Task instructions — Retype each line below precisely and omit all images.

Data shown —
════

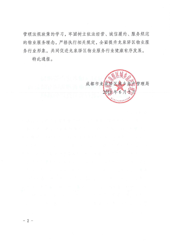 上一条:2016-2017年度四川省物业服务行业诚信评价成都市参评企业公示 下一条:关于组织参加红色物业之旅(成都站)物业法律公益大讲堂的通知
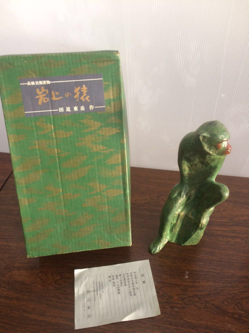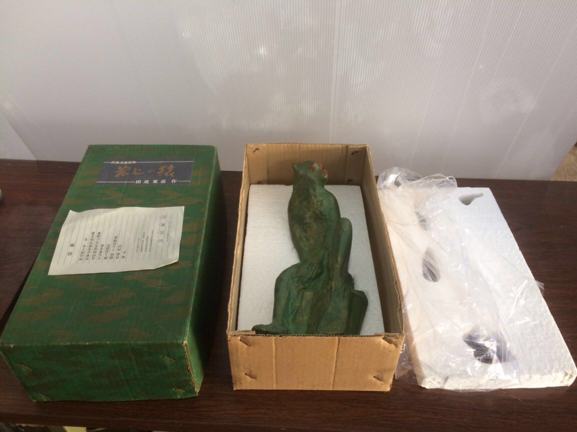 送料無料 岩上の猿 高級美術置物 田近東岳 作
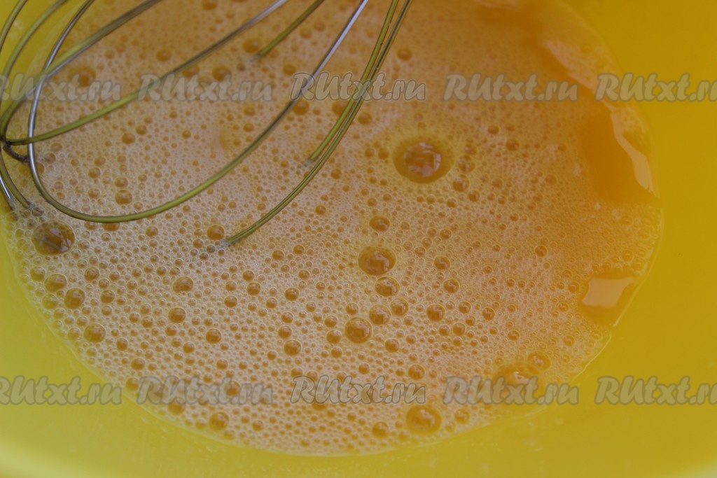 Перед началом приготовления оладий необходимо заранее достать из холодильника яйца и сметану. Они должны быть комнатной температуры. В глубокой миске взбить венчиком яйца, добавить щепотку соли.
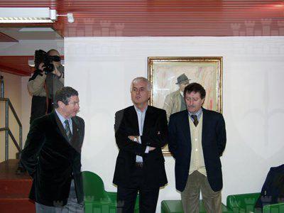 L'assessore Paris Lippi assieme ai figlii dell'allenatore Bruno e Tito nel corso della conferenza stampa tenutasi allo stadio Nereo Rocco

════

Answer to this problem —
 上一条:2016-2017年度四川省物业服务行业诚信评价成都市参评企业公示 下一条:关于组织参加红色物业之旅(成都站)物业法律公益大讲堂的通知
 送料無料 岩上の猿 高級美術置物 田近東岳 作
 Перед началом приготовления оладий необходимо заранее достать из холодильника яйца и сметану. Они должны быть комнатной температуры. В глубокой миске взбить венчиком яйца, добавить щепотку соли.
 L'assessore Paris Lippi assieme ai figlii dell'allenatore Bruno e Tito nel corso della conferenza stampa tenutasi allo stadio Nereo Rocco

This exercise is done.